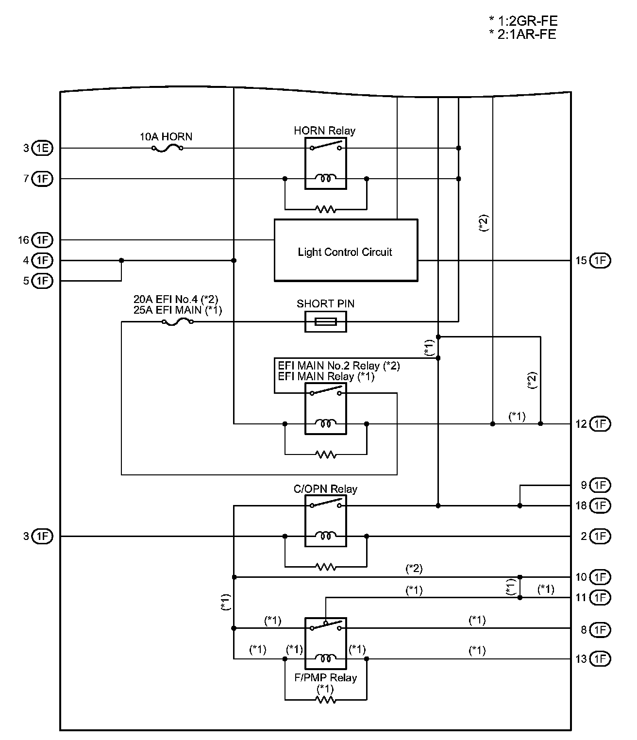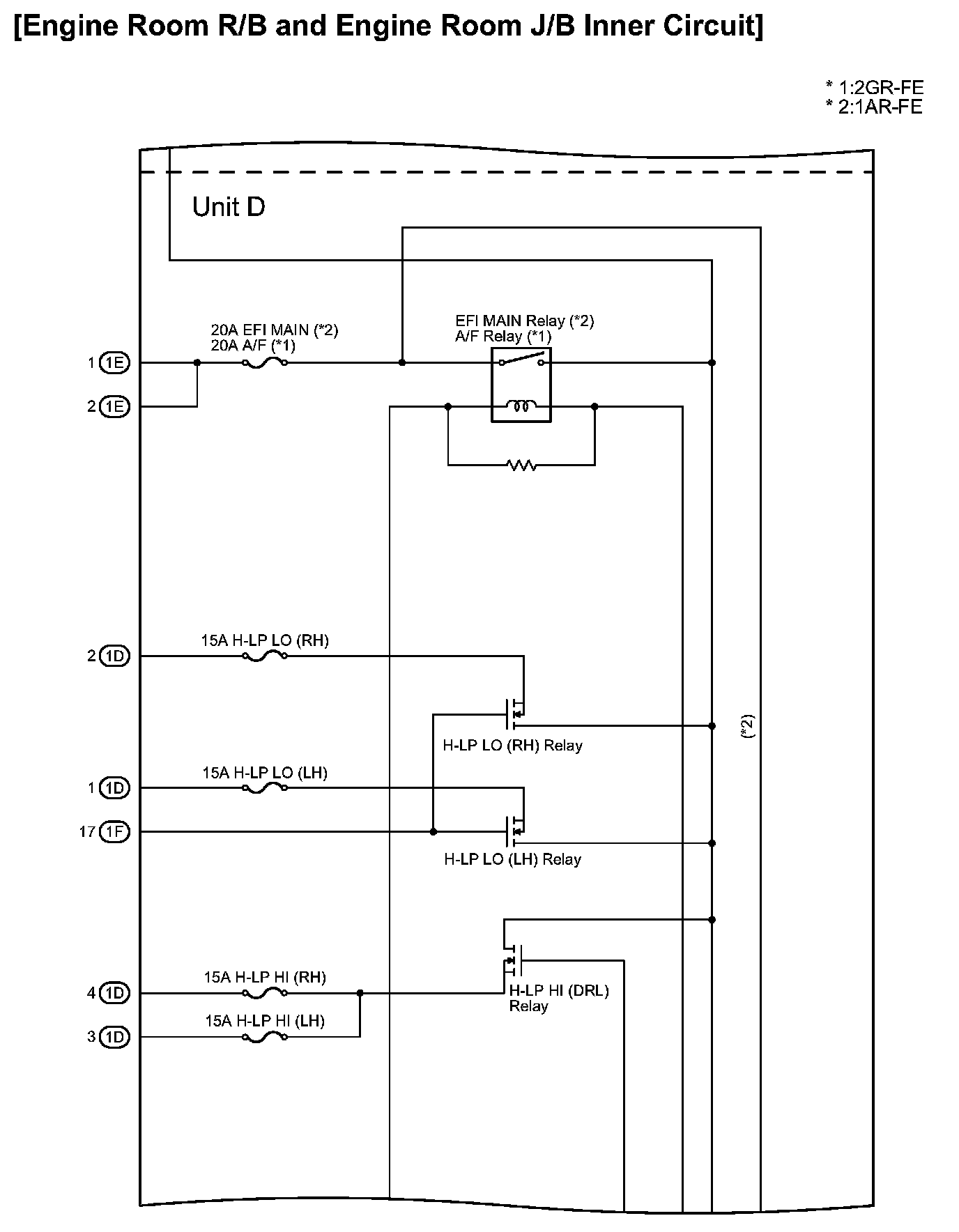 Engine Room R/B and Engine Room J/B Inner Circuit:
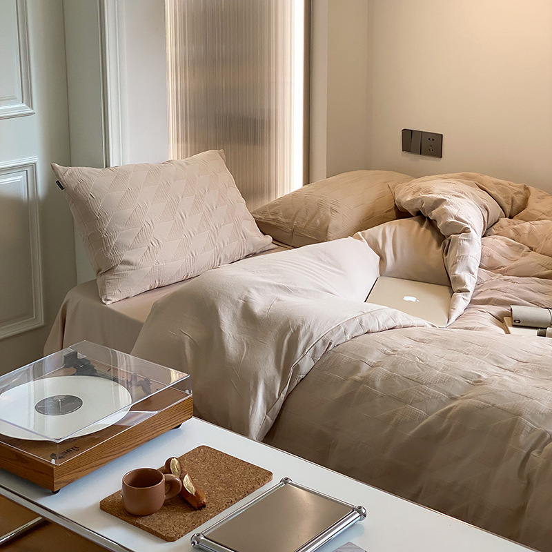 泡芙原棉水洗棉四件套
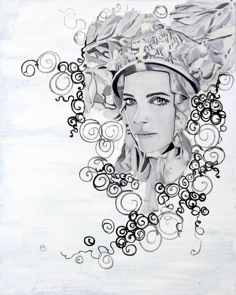 When painting, headdresses and crowns deify Kate Kelton’s subjects. She uplifts the Unsung Sheroes & Heroes, Patriarchy Smashers, Warrior Survivors, Silence Breakers, Philosophers, Truth-Tellers, Whistle Blowers and Thought Giants of all stripes. She paints her portraits cloaked in the garb of statues Ladislav Šaloun sculpted onto the train station that her great-grandfather, Josef Fanta, designed for Prague in 1901 - 1909. Apotheosis through a reclaimed, reapplied Art Nouveau. Sampling her own lineage, she transforms a historical body of work, itself a thing of lasting beauty; exchanging granite for graphite, plaster for paint. In Photoshop, she first combines the desaturated faces she's found, sourced or shot of her chosen subjects, with the black and white photos from her family and friends, of the statues in situ. Then she uses graphite, inks and acrylic paints and glazes to create the works on panel or canvas, literally uplifting and elevating her battle-weary subjects to the highest reach of architectural strata. 'Ancient and distant godlike beings, surveying a dying empire, trade places with the fresh blood of her subjects. The work presents a tactility against the digitized space, and represents a taking, an acquisition of power back from the tastemakers. Here, the mantle of the artist is above brand influencer, above internet commentator, above mere marketability. In their gaze is a warning, “Art is immortal. Come for me, why don’t you?”' ~ Micah Chaim Thomas "Kate's recent work is a matter of expansion through contrast - she is as ephemeral as her subjects are concrete architecture; she is structural when her subjects should slip through your fingers like too-fine sand. Taken as a whole, the works in her magnificent series Sentry are incredibly intelligent, but when looked at individually, you come to understand that these are statements of life beyond themselves. The series take embellishments of a Prague train station designed by her great-grandfather, Josef Fanta, and combines these with portraits of women who have stood against the sexual harassment and assault rampant in Hollywood. These women, like Kate herself, have suffered in the era where powerful men, every bit as immovable as the train station, wielded their power without check. The portraits emblazoned on architectural elements, they are marked against the edifice, every bit as permanent, and perhaps even more defining.
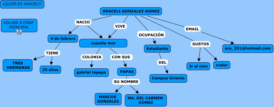 Este mapa conceptual tiene información relacionada a: presentacion de ara, ARACELI GONZALEZ GOMEZ NACIO cuautla mor, ARACELI GONZALEZ GOMEZ VIVE cuautla mor, ARACELI GONZALEZ GOMEZ NACIO 4 de febrero, 4 de febrero TIENE TRES HERMANAS, PAPAS SU NOMBRE MA. DEL CARMEN GOMEZ, PAPAS SU NOMBRE MARCOS GONZALEZ, ARACELI GONZALEZ GOMEZ GUSTOS Ir al cine, cuautla mor CON SUS PAPAS, cuautla mor COLONIA gabriel tepepa, Estudiante DEL Campus Oriente
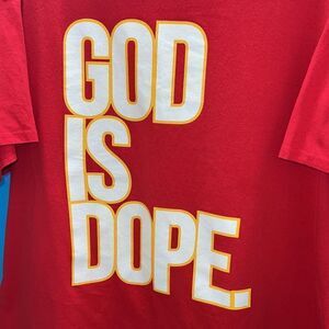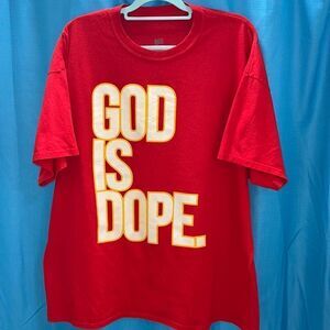 God is Dope T-shirt. Red with white letters outlined in yellow, no rips tears or holes.
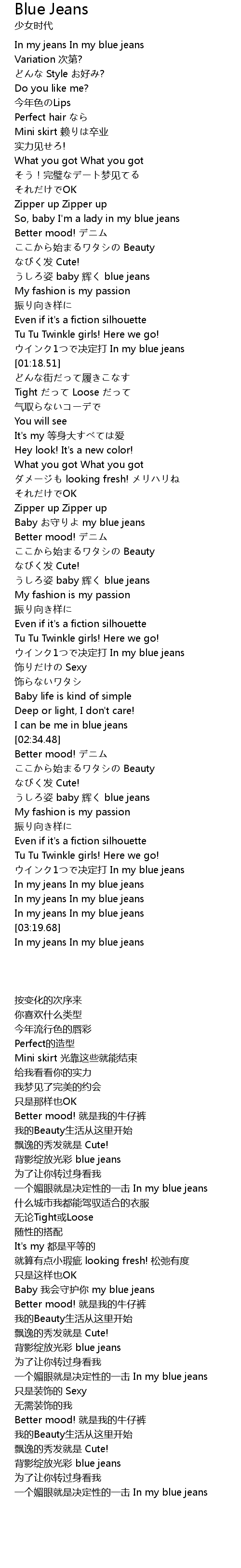 | [02:13.26] | ウインク1つで决定打 In my blue jeans |
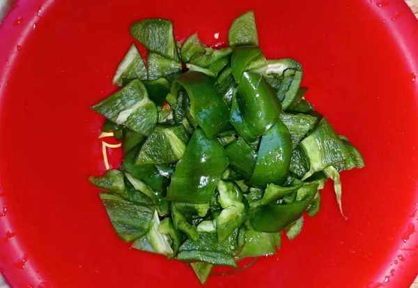 1.準備好的青椒放在盤中,裡面加入適量的食鹽水浸泡,將其表面沖洗幹凈,洗凈後放在案板上,用刀將其籽取出,然後再切成小塊,切好後放在盤中備用;
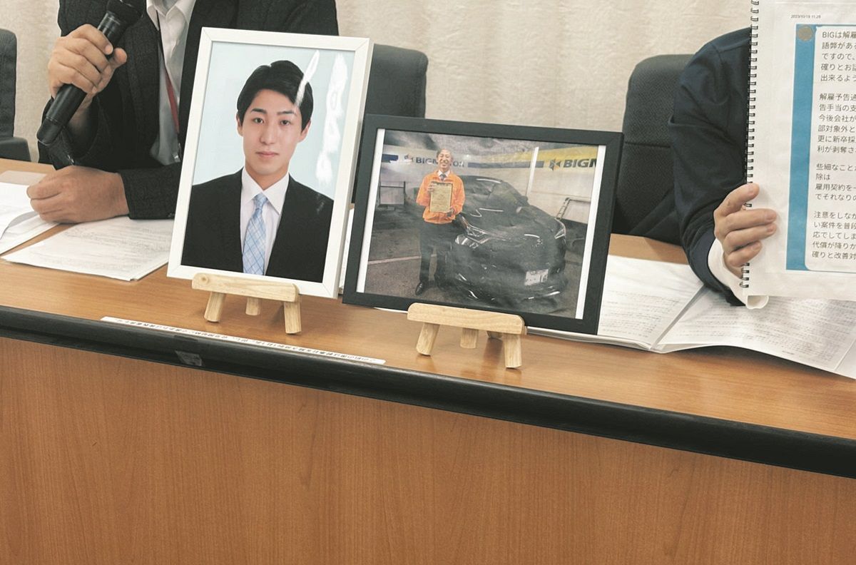 中古車販売大手の旧ビッグモーター(BM)に新卒で入社した男性=当時(22)=が自殺したのは違法な解雇が原因として、男性の両親が19日、...
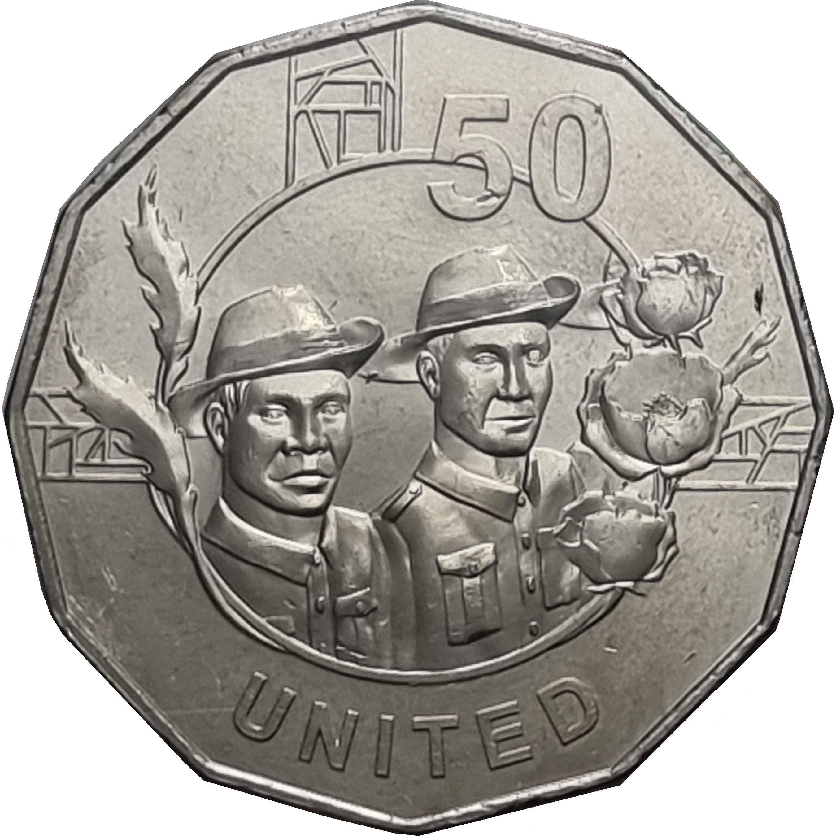 50 центов — Елизавета II (4-й портрет — Дух Анзак — Объединенные)
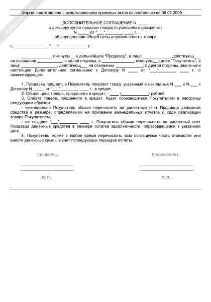 Дополнительное соглашение к договору купли-продажи товара (с условием о рассрочке) об определении общей цены и сроков оплаты товара

ACTION ITEM. Your task is to write out, exactly and without pictures, only the lines from the one holding "blue jeans |" to the last line of the data.

EXERCISE SOLUTION.
 | [02:13.26] | ウインク1つで决定打 In my blue jeans |
 1.準備好的青椒放在盤中,裡面加入適量的食鹽水浸泡,將其表面沖洗幹凈,洗凈後放在案板上,用刀將其籽取出,然後再切成小塊,切好後放在盤中備用;
 中古車販売大手の旧ビッグモーター(BM)に新卒で入社した男性=当時(22)=が自殺したのは違法な解雇が原因として、男性の両親が19日、...
 50 центов — Елизавета II (4-й портрет — Дух Анзак — Объединенные)
 Дополнительное соглашение к договору купли-продажи товара (с условием о рассрочке) об определении общей цены и сроков оплаты товара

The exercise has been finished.